**Task to complete**
Leave out all pictures. Extract exactly the lines from the one containing "博物馆主场南海一号古船所在的" through the end of the data.

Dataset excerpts

--

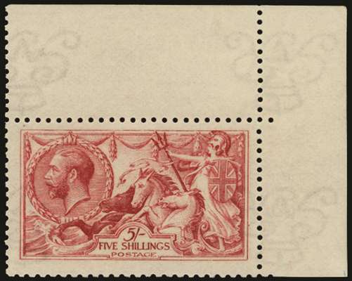 1915 5s Carmine (Wmk. Inverted). Very fine unmounted o.g. top right hand corner marginal example of this rare watermark variety printed by DLR. Spec. N67(2)b.
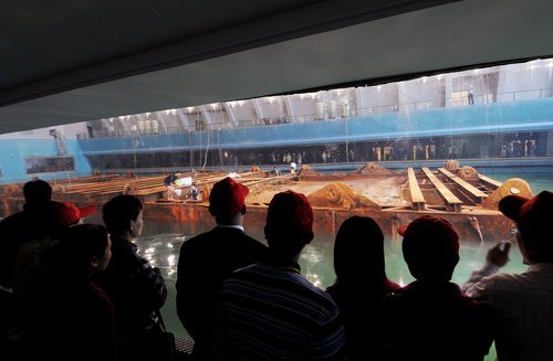 博物馆主场南海一号古船所在的沉箱,考古队员正进行一场水下考古挖掘的动态演示。经过几天的放水调试,沉箱的其中两个探方已微露船舷。据称,沉箱仍不会立即打开,这是为了保护古沉船的微环境。考古人员将采取逐层打开的措施,一点一点地发掘,同时,亦有3名蛙人在水下作业。
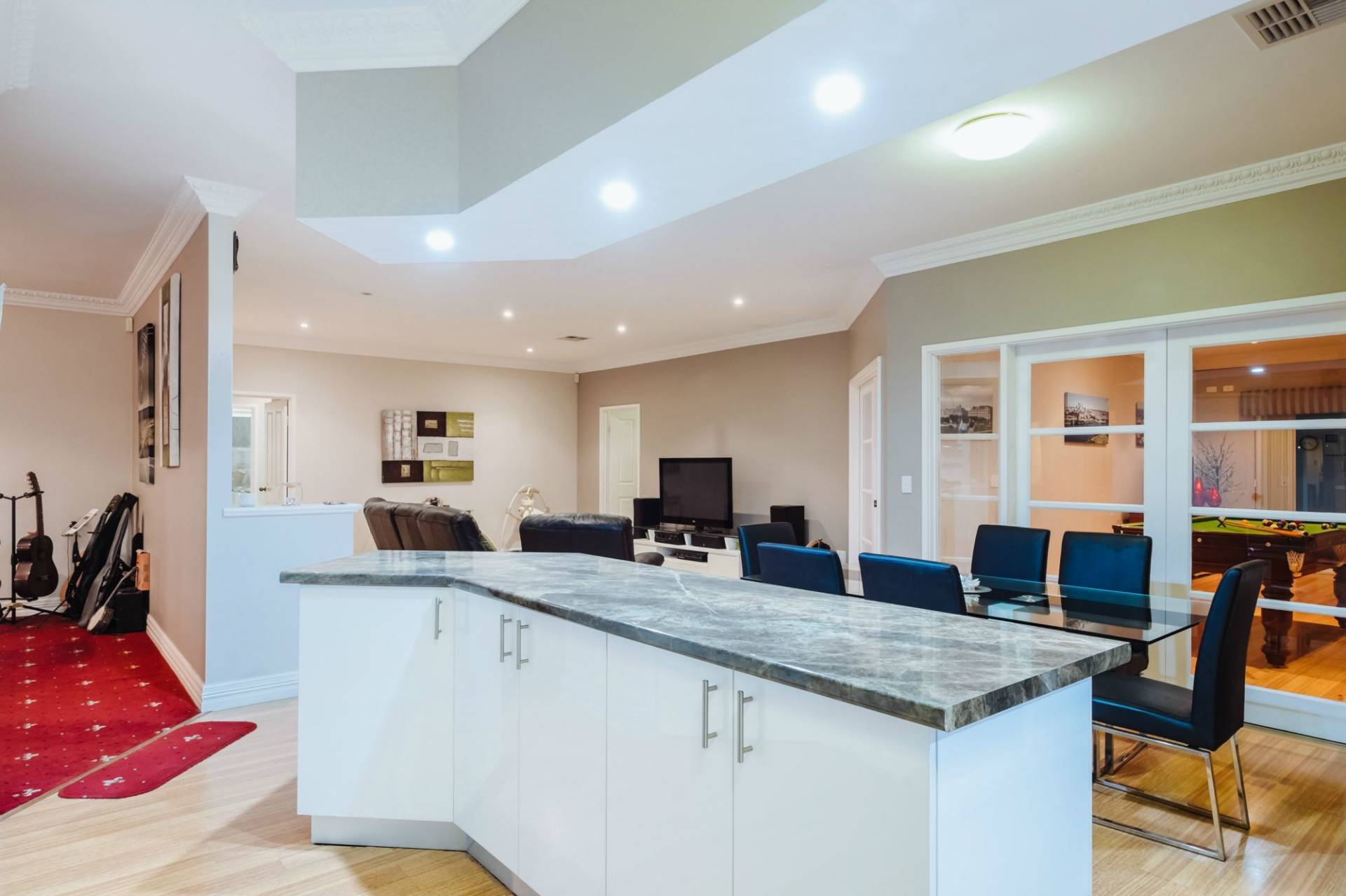 Living zones include formal dining and theatre floored with the finest Wilton carpets. The extended family room, meals and games rooms also make room for you all to get along and get out of each other's way when there's need to pursue your own interests.
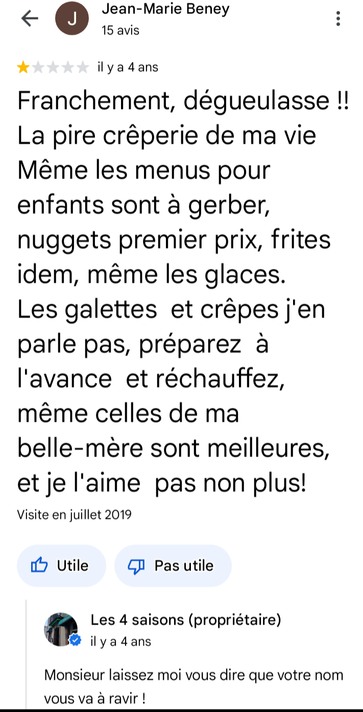 Franchement, dégueulasse !! La pire crêperie de ma vie Même les menus pour enfants sont à gerber, nuggets premier prix, frites idem, même les glaces. Les galettes et crêpes j'en parle pas, préparez à l'avance et réchauffez, même celles de ma belle-mère sont meilleures, et je l'aime pas non plus!
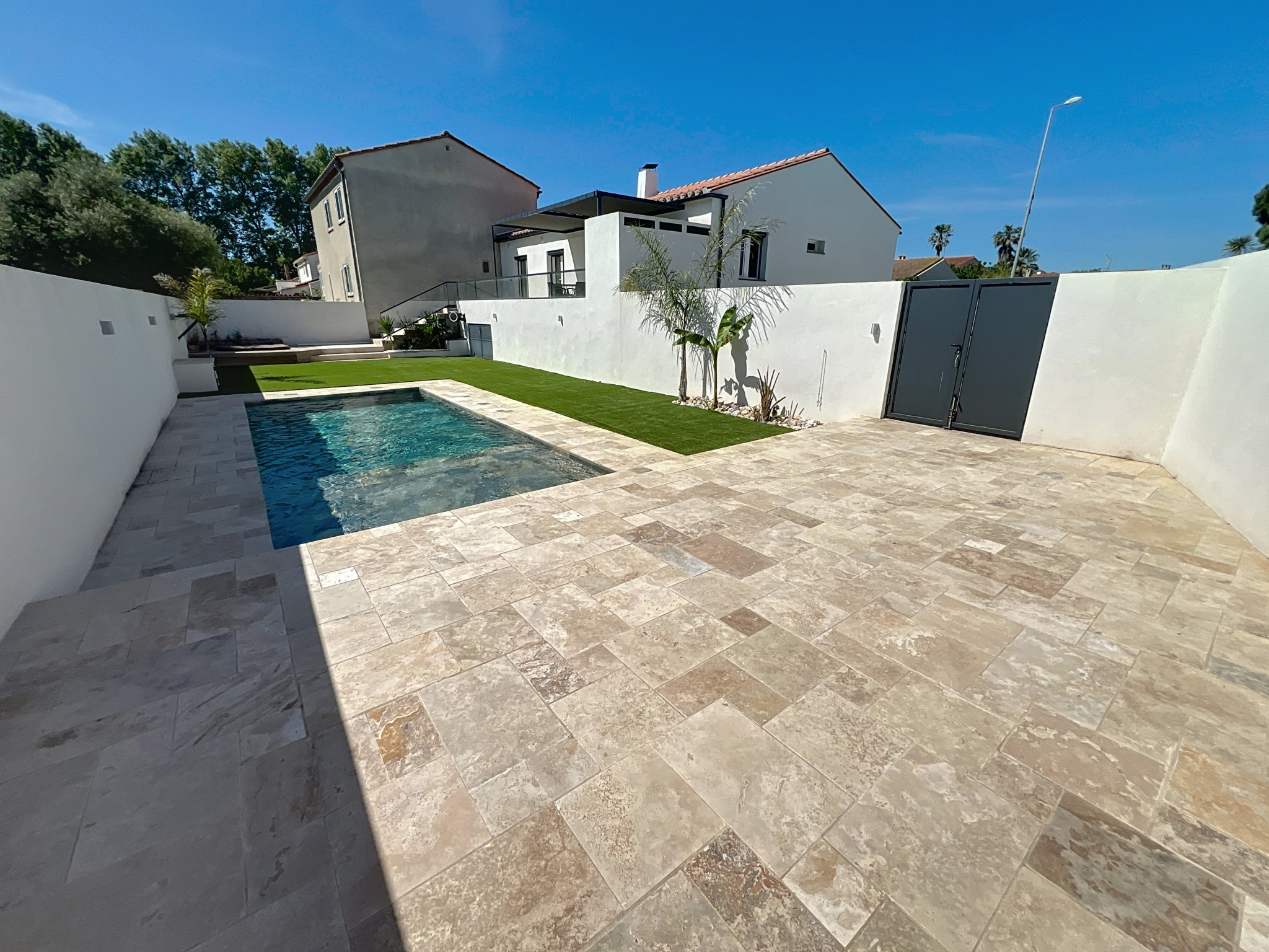 SECTEUR RESIDENTIEL -VILLA 3 FACES DE PLAIN PIED 88.27 M2 HBTS SUR 351 M2 DE TERRAIN - NORMES RE 2020 - PISCINE MACONNEE 6X3 - DOMOTIQUE - CLIMATISATION MITSUBISHI GAIGNABLE -

--

**Completed exercise**
 博物馆主场南海一号古船所在的沉箱,考古队员正进行一场水下考古挖掘的动态演示。经过几天的放水调试,沉箱的其中两个探方已微露船舷。据称,沉箱仍不会立即打开,这是为了保护古沉船的微环境。考古人员将采取逐层打开的措施,一点一点地发掘,同时,亦有3名蛙人在水下作业。
 Living zones include formal dining and theatre floored with the finest Wilton carpets. The extended family room, meals and games rooms also make room for you all to get along and get out of each other's way when there's need to pursue your own interests.
 Franchement, dégueulasse !! La pire crêperie de ma vie Même les menus pour enfants sont à gerber, nuggets premier prix, frites idem, même les glaces. Les galettes et crêpes j'en parle pas, préparez à l'avance et réchauffez, même celles de ma belle-mère sont meilleures, et je l'aime pas non plus!
 SECTEUR RESIDENTIEL -VILLA 3 FACES DE PLAIN PIED 88.27 M2 HBTS SUR 351 M2 DE TERRAIN - NORMES RE 2020 - PISCINE MACONNEE 6X3 - DOMOTIQUE - CLIMATISATION MITSUBISHI GAIGNABLE -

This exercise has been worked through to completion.